How does root scanning work wrt to Loom? Are stacks of virtual threads treated as roots? I guess there is no other option?

pron · on Aug 5, 2020

No, virtual thread stacks are not roots! This is one of the main design highlights of the current Loom implementation. In fact, at least currently, the VM doesn't maintain any list of virtual threads at all. They are just Java objects, but the GC does treat them specially.

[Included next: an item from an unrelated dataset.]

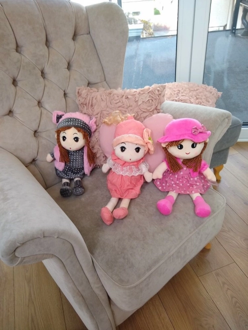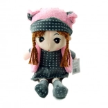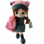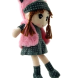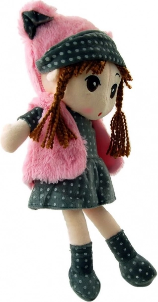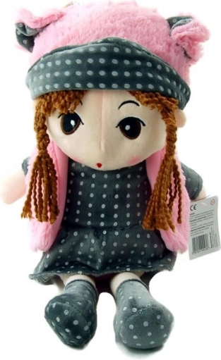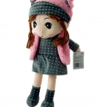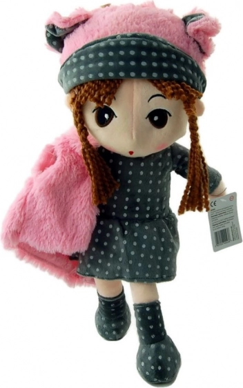 Poznaj lalkę Polę, piękną pluszową zabawkę z brązowymi splecionymi włosami, która nosi szary ubranko w groszki i różowe dodatki. Ta miękka zabawka to idealny towarzysz do codziennej zabawy oraz spokojnych nocy.

kjeetgill · on Aug 5, 2020

Interesting! In what way are they handled specially?

pron · on Aug 5, 2020

Unlike any other object, the location of references on a stack can change dynamically, so the GC needs to recognise those objects and walk their references differently. There are other subtleties, too.

pkolaczk · on Aug 5, 2020

Right, it is concurrent, but it is still costly. It brings rarely used data into the caches and pushes useful data out of the caches. If some parts of the heap were swapped out, the impact of concurrent scanning can be quite dramatic.

pron · on Aug 5, 2020

Ah, but you can pin GC threads to specific cores, and a reference-counting GC also has such non-trivial costs. In practice, however, people in the 90-95% "mainstream" domain that Java targets are very happy with the results. Of course, there are some applications that must incur the costs of not having a GC. In general, though, the main tangible cost of a GC today, for a huge portion of large-scale applications, is neither throughput nor latency by RAM overhead.

pjmlp · on Aug 5, 2020

I also enjoy the low level C++ like tooling that .NET offers, but I am also looking forward to the fruits of Panama and Valhalla in that direction.

pkolaczk · on Aug 5, 2020

Pinning doesn't solve the problem of cache L3+ thrashing.

pron · on Aug 5, 2020

It could if the GCs used non-temporal instructions that bypass the L3. Of course, how much of a problem this is in practice in most applications is something that would need to be measured.

pkolaczk · on Aug 5, 2020

Point taken. What about swap?

pron · on Aug 5, 2020

Yeah, swapping could be really bad and should be avoided. So: don't swap :) Java's memory consumption can't go up indefinitely. The most important setting is the maximum heap size. Set it to a good level and don't swap.

haxen · on Aug 5, 2020

All the modern GCs scan the heap concurrently, the hardest problem is scanning the GC roots in the call stack. ZGC is currently implementing concurrent stack scanning.

wokkel · on Aug 5, 2020

Yes it can. Stop the world collection is a thing of the past. See for example: https://developers.redhat.com/blog/2019/06/27/shenandoah-gc-...

jerrinot · on Aug 5, 2020

Modern Garbage Collectors do concurrent scanning.

I believe most GC implementations have non-concurrent "initial marking" phase, but that's typically fairly quick. It has to scan roots of your object graph, think stack, JNI, etc.

dan-robertson · on Aug 5, 2020

Scanning can be done incrementally with each allocation (Such that allocations become slightly more expensive but no individual allocation does loads of scanning work). Scanning can also be done concurrently.

rurban · on Aug 5, 2020

Scanning is also entirely eliminated by using no global heap allocations. With copying and small stack allocations there's not need to scan much, and can easily stay below 1ms.

bananaface · on Aug 5, 2020

Can't you just allocate a huge block up-front and throw stuff into it with a custom allocator? I don't know if Rust allows you to do that kind of thing.

steveklabnik · on Aug 5, 2020

Yes. There are some trade offs, you can’t parameterize the standard library data structures over an allocator yet, for example.

AtlasBarfed · on Aug 6, 2020

So arena allocation and buffer reuse?